Modern humans arrived on the Indian subcontinent from Africa no later than 55,000 years ago.[26][27][28] Their long occupation, initially in varying forms of isolation as hunter-gatherers, has made the region highly diverse, second only to Africa in human genetic diversity.[29] Settled life emerged on the subcontinent in the western margins of the Indus river basin 9,000 years ago, evolving gradually into the Indus Valley Civilisation of the third millennium BCE.[30] By 1200 BCE, an archaic form of Sanskrit, an Indo-European language, had diffused into India from the northwest.[31][32] Its evidence today is found in the hymns of the Rigveda. Preserved by a resolutely vigilant oral tradition, the Rigveda records the dawning of Hinduism in India.[33] The Dravidian languages of India were supplanted in the northern and western regions.[34] By 400 BCE, stratification and exclusion by caste had emerged within Hinduism,[35] and Buddhism and Jainism had arisen, proclaiming social orders unlinked to heredity.[36] Early political consolidations gave rise to the loose-knit Maurya and Gupta Empires based in the Ganges Basin.[37] Their collective era was suffused with wide-ranging creativity,[38] but also marked by the declining status of women,[39] and the incorporation of untouchability into an organised system of belief.[g][40] In South India, the Middle kingdoms exported Dravidian-languages scripts and religious cultures to the kingdoms of Southeast Asia.[41]

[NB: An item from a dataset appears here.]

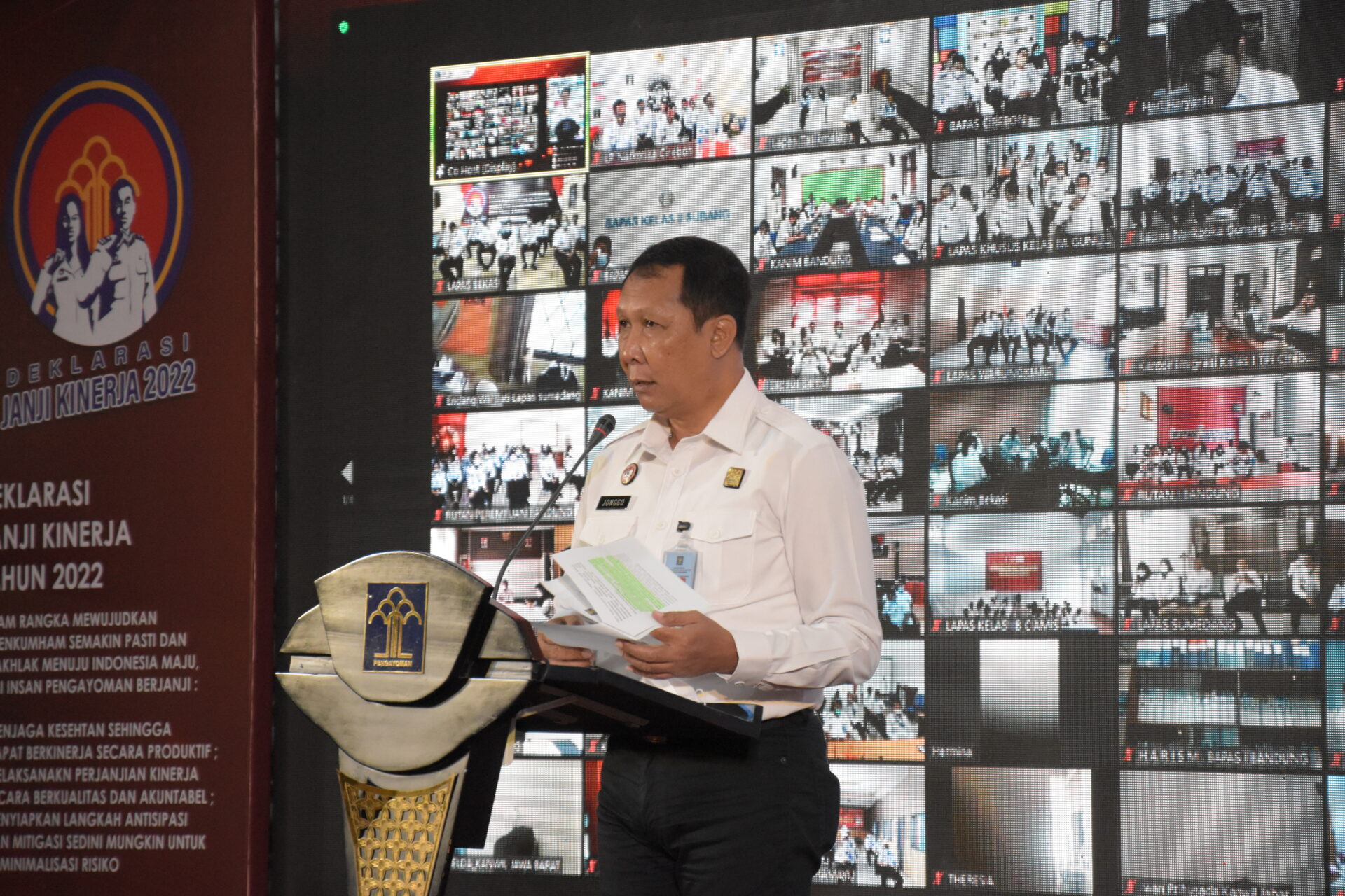 Dalam laporannya Kepala Kantor Wilayah Sudjonggo melaporkan Deklarasi Janji Kinerja Kantor Wilayah Kementerian Hukum dan HAM Jawa Barat Tahun 2022 dilaksanakan di Aula Kantor Wilayah Kementerian Hukum dan HAM R.I Jl. Jakarta No. 27 Lt.II Bandung serta dihadiri Stakeholder yaitu Staf Ahli Menteri Hukum dan HAM Bidang Reformasi Birokrasi Iwan Kurniawan, Kepala Kejaksaan Tinggi Provinsi Jawa Barat Asep N. Mulyana, Plh. Kepala Ombudsman RI Perwakilan Jawa Barat Dominikus Dalu. Hadir pada kegiatan ini, Kepala Divisi Pemasyarakatan Taufiqurrakhman, Kepala Divisi Pelayanan Hukum dan HAM Heriyanto, Kepala Divisi Keimigrasian Heru Tjondro dan Plt. Kepala Divisi Administrasi Eva Gantini.

In the early medieval era, Christianity, Islam, Judaism, and Zoroastrianism became established on India's southern and western coasts.[42] Muslim armies from Central Asia intermittently overran India's northern plains,[43] eventually founding the Delhi Sultanate, and drawing northern India into the cosmopolitan networks of medieval Islam.[44] In the 15th century, the Vijayanagara Empire created a long-lasting composite Hindu culture in south India.[45] In the Punjab, Sikhism emerged, rejecting institutionalised religion.[46] The Mughal Empire, in 1526, ushered in two centuries of relative peace,[47] leaving a legacy of luminous architecture.[h][48] Gradually expanding rule of the British East India Company followed, turning India into a colonial economy, but also consolidating its sovereignty.[49] British Crown rule began in 1858. The rights promised to Indians were granted slowly,[50][51] but technological changes were introduced, and modern ideas of education and the public life took root.[52] A pioneering and influential nationalist movement emerged, which was noted for nonviolent resistance and became the major factor in ending British rule.[53][54] In 1947 the British Indian Empire was partitioned into two independent dominions,[55][56][57][58] a Hindu-majority Dominion of India and a Muslim-majority Dominion of Pakistan, amid large-scale loss of life and an unprecedented migration.[59]
India has been a federal republic since 1950, governed through a democratic parliamentary system. It is a pluralistic, multilingual and multi-ethnic society. India's population grew from 361 million in 1951 to 1.211 billion in 2011.[60] During the same time, its nominal per capita income increased from US$64 annually to US$1,498, and its literacy rate from 16.6% to 74%. From being a comparatively destitute country in 1951,[61] India has become a fast-growing major economy and a hub for information technology services, with an expanding middle class.[62] It has a space programme which includes several planned or completed extraterrestrial missions. Indian movies, music, and spiritual teachings play an increasing role in global culture.[63] India has substantially reduced its rate of poverty, though at the cost of increasing economic inequality.[64] India is a nuclear-weapon state, which ranks high in military expenditure. It has disputes over Kashmir with its neighbours, Pakistan and China, unresolved since the mid-20th century.[65] Among the socio-economic challenges India faces are gender inequality, child malnutrition,[66] and rising levels of air pollution.[67] India's land is megadiverse, with four biodiversity hotspots.[68] Its forest cover comprises 21.7% of its area.[69] India's wildlife, which has traditionally been viewed with tolerance in India's culture,[70] is supported among these forests, and elsewhere, in protected habitats.